Instructions to follow>
The line containing "REINAD retro large" marks the end: extract everything from the first line of the data through that line, exactly, with no pictures.

Data section>
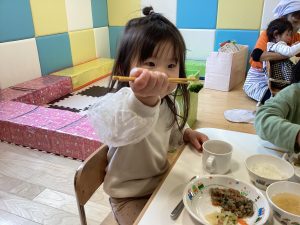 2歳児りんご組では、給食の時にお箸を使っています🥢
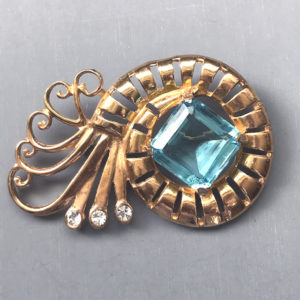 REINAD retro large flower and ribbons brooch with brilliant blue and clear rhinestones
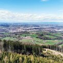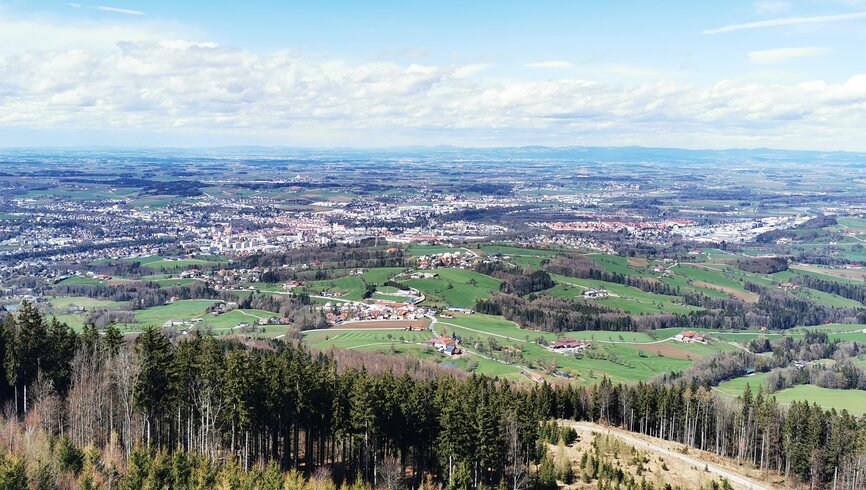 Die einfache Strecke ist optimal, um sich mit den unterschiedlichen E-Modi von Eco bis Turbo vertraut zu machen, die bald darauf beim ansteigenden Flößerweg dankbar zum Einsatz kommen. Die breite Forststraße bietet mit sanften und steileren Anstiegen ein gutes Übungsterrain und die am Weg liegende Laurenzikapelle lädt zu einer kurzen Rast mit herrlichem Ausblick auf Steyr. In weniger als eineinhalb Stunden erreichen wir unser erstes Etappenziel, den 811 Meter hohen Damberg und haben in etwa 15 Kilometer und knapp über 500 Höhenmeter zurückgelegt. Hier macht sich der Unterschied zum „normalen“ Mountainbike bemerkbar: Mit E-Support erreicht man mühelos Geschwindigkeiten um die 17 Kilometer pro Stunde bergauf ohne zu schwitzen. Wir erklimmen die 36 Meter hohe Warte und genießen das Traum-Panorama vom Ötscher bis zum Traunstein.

Result>
 2歳児りんご組では、給食の時にお箸を使っています🥢
 REINAD retro large flower and ribbons brooch with brilliant blue and clear rhinestones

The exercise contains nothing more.